→ Excerpted data:
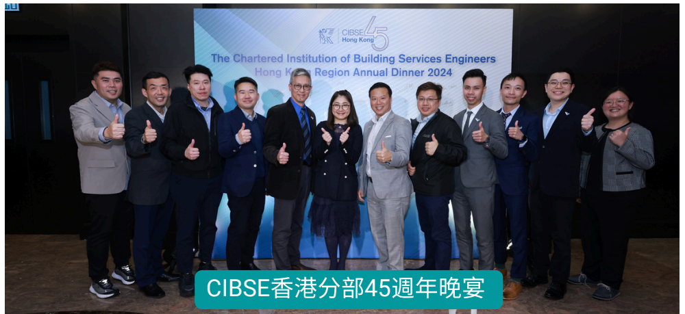
CIBSE香港分部45週年晚宴
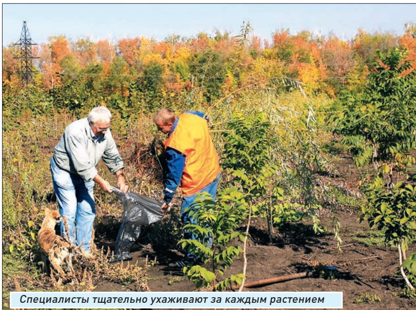
Специалисты тщательно ухаживают за каждым растением

«Учится» юное деревце несколько лет (хвойные сорта - от 10 лет, березки - четыре-пять, рябина - шесть). Каждый ствол, каждый кустик - а их тут много тысяч - требует особого ухода.
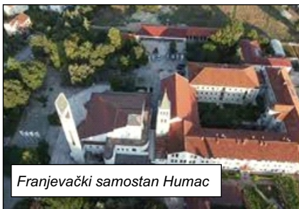
Franjevački samostan Humac

Pokraj župne kuće 1866. godine, nakon dobivanja sultanova odobrenja (fermana) građena je crkva, a dovršena je 1869. Danas je na Humcu nova crkva sv. Ante Padovanskog, koju je 4.10.2021. posvetio mostarski biskup Petar Palić. Na Humcu su dugo godina bili viši razredi franjevačke srednje škole i prve godine filozofsko-teološkog studija. Franjevci su 1876. otvorili pučku školu, a njihovom zaslugom na Humac su došle sestre milosrdnice koje su 1898. otvorile mješovitu osnovnu, a potom i obrtnu žensku školu. U prostorima samostana 1916. otvorena je i Hrvatska seljačka škola za odrasle.
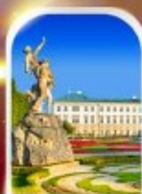
MIRABELL PALACE AUSTRIA
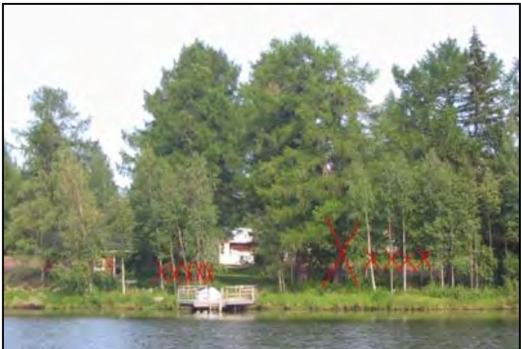
KUVIO 13 Ehdotus näkymän avaamisesta ja poistettavasta puustosta.
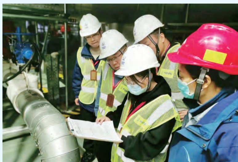
中核兰州挂职人员在福清核电开展现场交流

关山千万重，壮士披荆行。统筹安全和发展是核工业永恒的课题。安全质量管理提升“结对子”工作，是中核集团落实习近平总书记关于安全生产重要指示批示精神的具体实践，是开创新安全格局的积极探索，是“有效协同才能创造更大价值”的现实体现。十年树木，棵棵相连终成林。踏上新征程、步入新的赶考之路，中核集团将继续大力协同，坚持优势互补、资源共享、文化赋能，树牢安全质量管理“一盘棋”思想，不断健全核安全责任体系，为实现中国式现代化奠定强核基石。
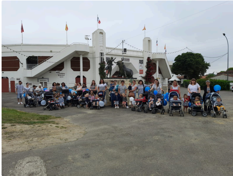
Pentecôtavic, c'est aussi pour les tout-petits !

L'ouverture des fêtes de Pentecôtavic pour les tout-petits est une animation collective qui a été proposée jeudi 2 juin par Le Relais Petite Enfance Cabriole et le Multi-Accueil La Casita .
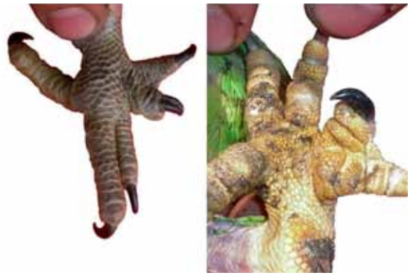
Figura 1. Vista dorsal y plantar del miembro pelviano derecho del pichón de “loro hablador” ( Amazona aestiva ) con polidactilia.

En cambio, las plumas del ala derecha mostraron una alteración en el patrón de coloración tanto para las barbas externas como internas. Las barbas externas mostraron rojo en la base de la pluma (en lugar de amarillo), luego amarillo (en lugar de verde), verde y por úl-
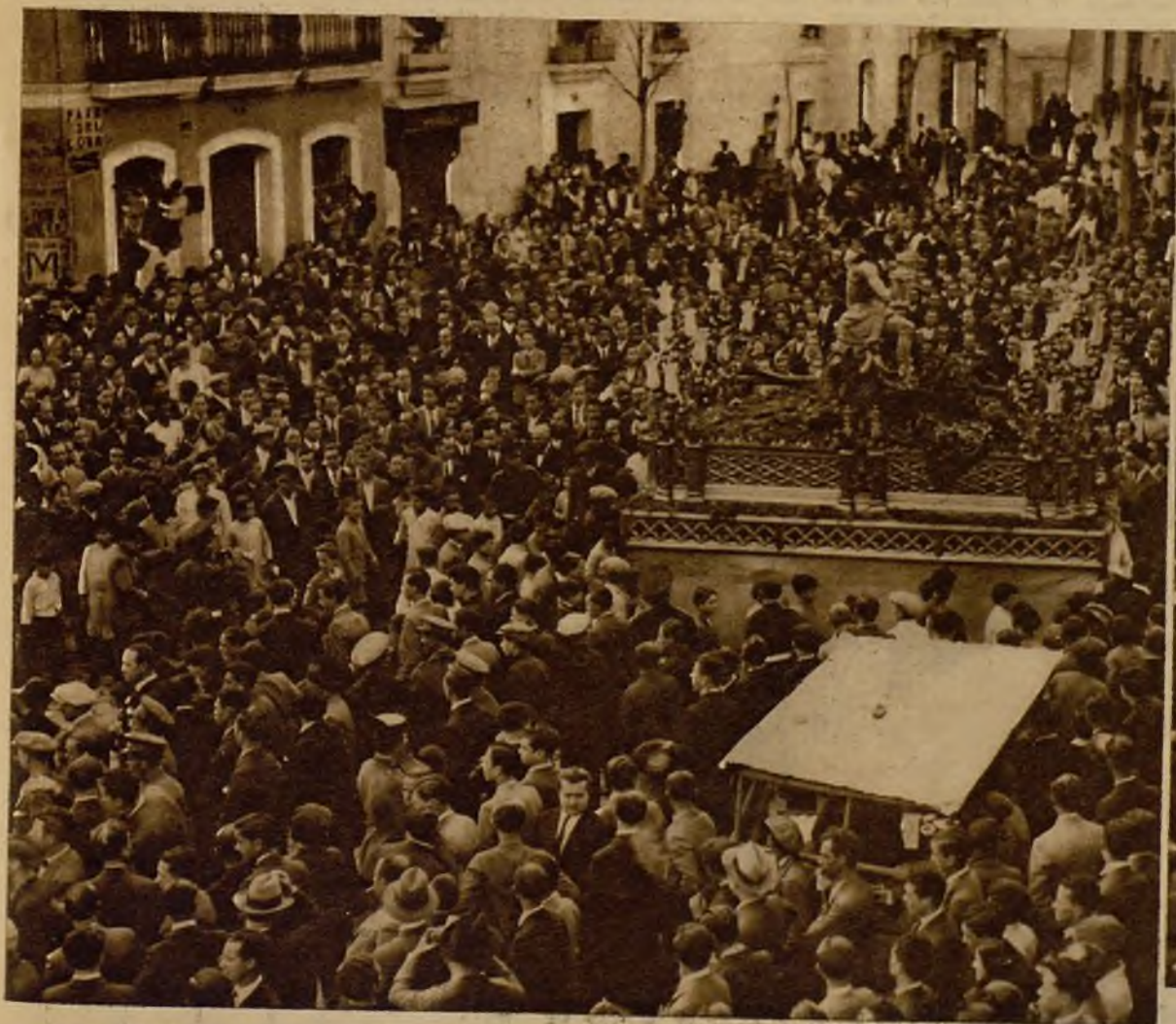
El Cristo de las Penas, a su paso, en la tarde del Jueves Santo, por la plaza del Altozano, en la entrada del puente de Triana. En el tránsito de la Cofradía ante la catedral, un perturbador arrojó una piedra y disparó una platola, pero el suceso no tuvo consecuencias, por fortuna
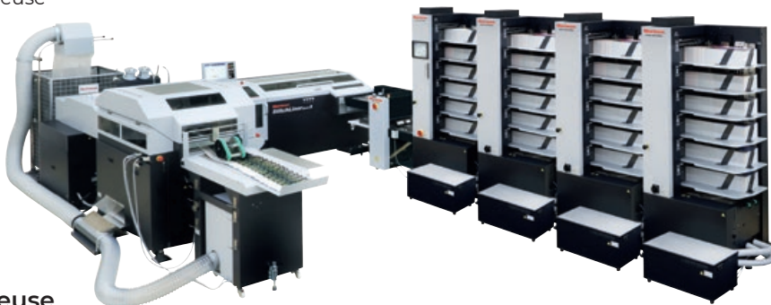
Assembleuse-piqueuse Horizon Mark III

Ce modèle de plieuse encarteuse est la dernière-née du concept Stitch-Liner du constructeur Horizon. Elle réunit en une seule et même machine les étapes de pliage, de brochage et de coupe trilatérale propres aux systèmes d'encartage traditionnel. Elle permet des productions de brochures de 8 à 96 pages jusqu'à 6000 exemplaires/heure.
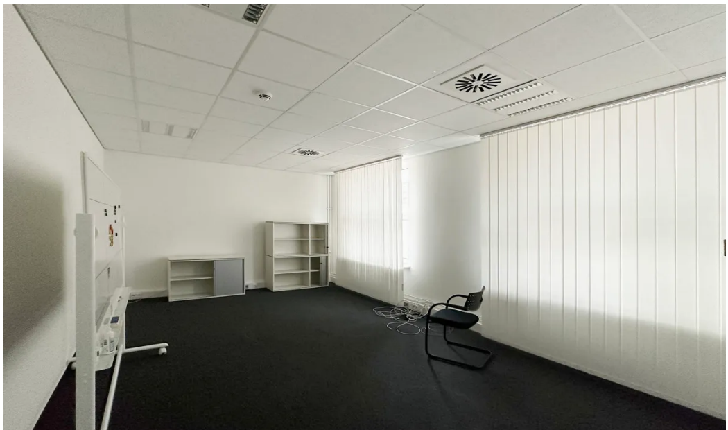
Weitere Ansichten - 1. OG (ca. 276m 2 )
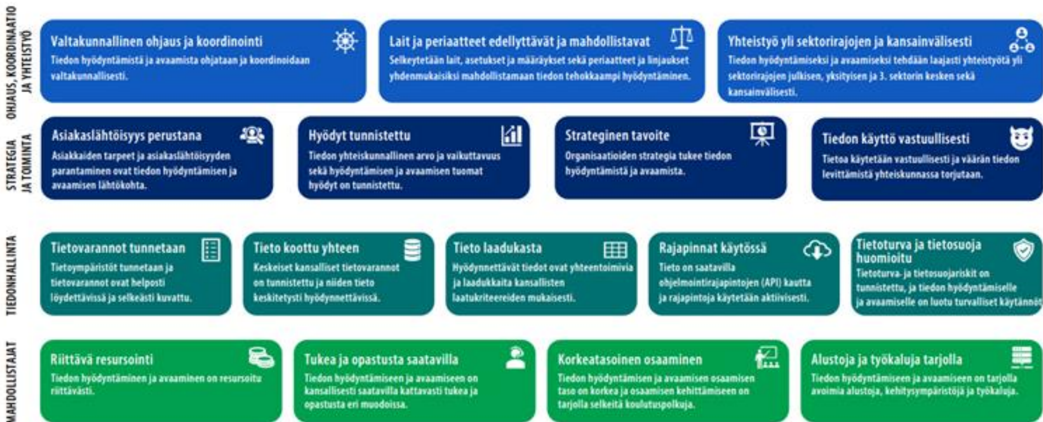
Kuva 1. Tietopolitiikan strategiset tavoitteet – kohti kattavaa tiedon hyödyntämistä ja avaamista.
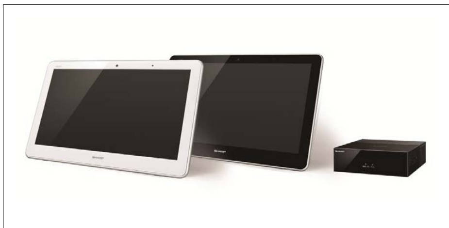
シャープ テレビ機能付ホームタブレット “AQUOS ファミレド” <HC-16TT1>

※7 本機はデータ放送には対応していません。本機のアンテナ端子は、地上デジタル/BS/CSデジタルの混合1系統です。ご家庭のアンテナ端子が地上デジタルとBS/CSデジタルで分かれている場合は、別途混合器をお買い求めください。チューナー部のアンテナ端子は、BS/CSアンテナへの電源供給を行っておりません。市販の電源供給器などをご利用ください。
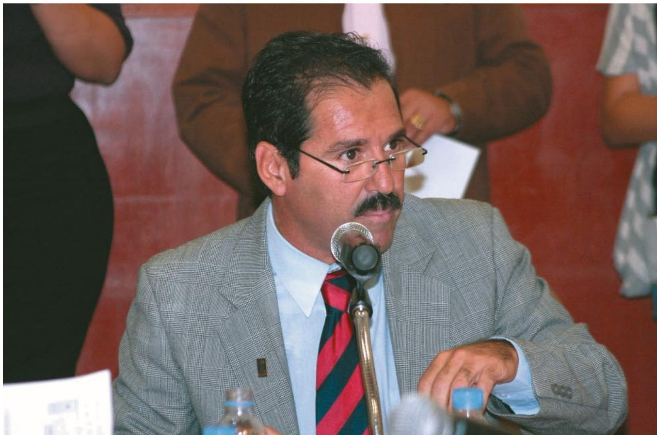
Dip. Jesús Casillas Presidente la Puntos Constitucionales.

Aprueban elevar Iniciativas de Ley al Congreso de la Unión. En sesión de trabajo, la Comisión de Puntos Constitucionales, Estudios Legislativos y Reglamentos aprobó hoy que la LIX Legislatura del Estado eleve iniciativas al Congreso de la Unión para solicitar que se reforme la Ley Federal de Armas y Explosivos buscando que el armamento asegurado a la delincuencia organizada sea donado a las corporaciones policíacas.
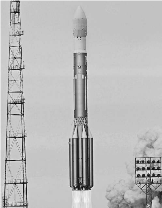
Ракеты будут выводить спутники на орбиту при любом варианте финансирования

DJIA 10809.85 ▼ NASDAQ 2357.69 ▼ MMBV 1466.86 ▼ PTC 1574.41 ▼ НЕФТЬ BRENT 102.8 ▼ ЗОЛОТО 1674.0 ▲ РУБЛЬ/€ 41.9039 ▲ РУБЛЬ/$ 29.4166 ▲
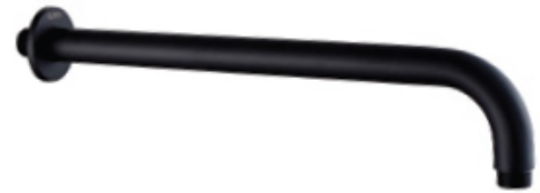
ACABADO Negro mate
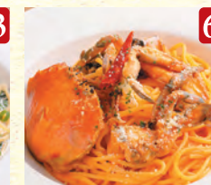
ワタリガニの トマトクリーム ¥1,550 (税込¥1,674)
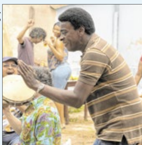
A Melhor Mãe do Mundo

E o cinema brasileiro faz a festa no Festival de Berlim
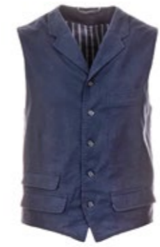
Borelio Weste Gini Twill 180,00 €
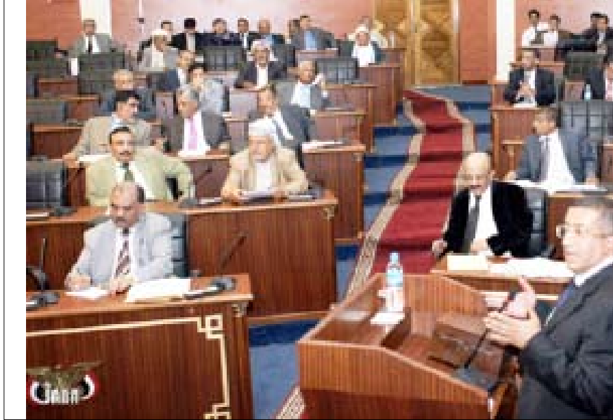
نصره مصطفى يلقى كلمة في مجلس الشورى
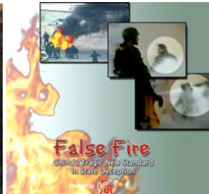
上图：公元 64 年 7 月，尼禄纵火罗马城，嫁祸基督徒。 右图：2001 年 1 月，中共江泽民集团炮制天安门自焚假案，栽赃法轮功。国际获奖纪录片《伪火》，揭示了该案的诸多破绽，如：刘春玲并不是被烧死，而是被警察用重物击打头部倒下；王进东的衣服被烧坏，两腿之间装有汽油的塑料雪碧瓶在火焰中却完好无损，等等。
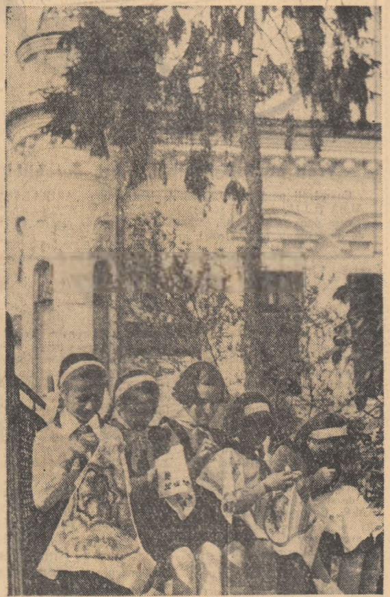
La Casa pionierilor din Iași.

Ziua Victoriei! Ascultați-i, cum mai cîntă în amintire soldații din răsărit, din apus, peste ruina timpului dus. Mai spuneți-mi această poveste începută în zilele-acele, cu liniștea lumii și-a țării mele, cu copii și bătrîni și nevaste, bucuroși de lumina de-afară. Mai spuneți-mi de primăvară!
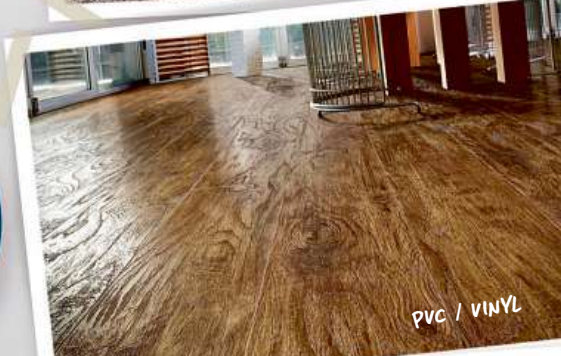
PVC / VINYL
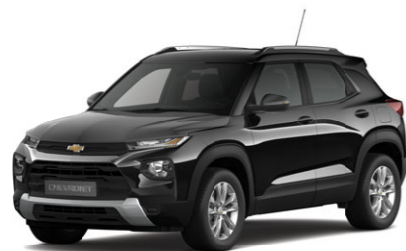
Black Meet Kettle Metallic, черный металлик
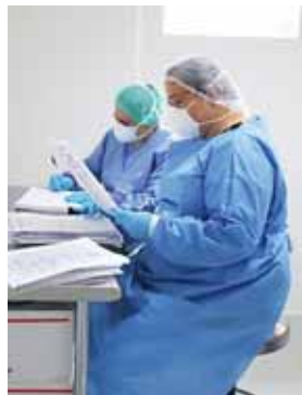
Este mismo mes iniciaría la construcción de estos dos laboratorios, con el objetivo de fortalecer el sistema sanitario del país.

“No queremos llegar a la situación de que renuncian los microbiólogos por falta de pago, por eso es importante de que se le dé la prioridad al personal de salud, en cuanto al pago”, indicó. En general, la Secretaría de Salud también ha contratado médicos generales, médicos especialistas, enfermeras profesionales, enfermeras auxiliares, todos para que trabajen en la mitigación de la COVID-19.
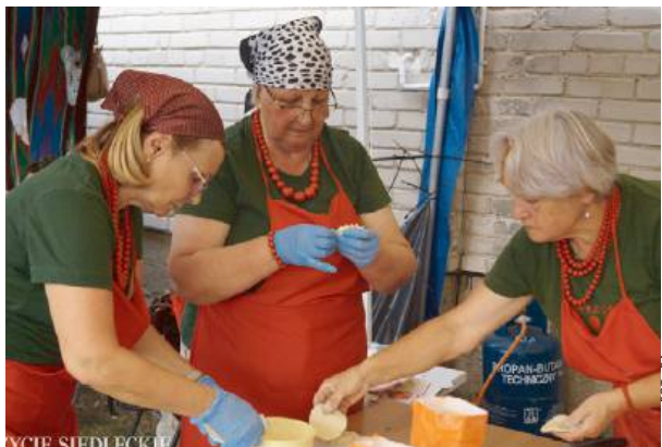
Konkurs na najlepsze pierogi był kluczowym punktem programu.

Festiwal Pieroga to jednak nie tylko kulinarna uczta. To przede wszystkim okazja do integracji mieszkańców, wymiany doświadczeń, a także do wspólnej zabawy.
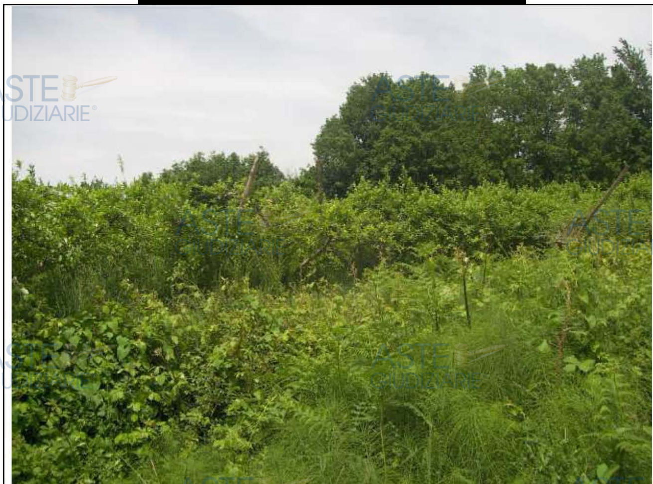
IMMOBILE IN TEANO (CE) LOTTO N.2: TERRENO AGRICOLO

→ About this task: Where the string "Horizon" appears in a line of the entries above, return that line.

→ Answer below:
Assembleuse-piqueuse Horizon Mark III
Ce modèle de plieuse encarteuse est la dernière-née du concept Stitch-Liner du constructeur Horizon. Elle réunit en une seule et même machine les étapes de pliage, de brochage et de coupe trilatérale propres aux systèmes d'encartage traditionnel. Elle permet des productions de brochures de 8 à 96 pages jusqu'à 6000 exemplaires/heure.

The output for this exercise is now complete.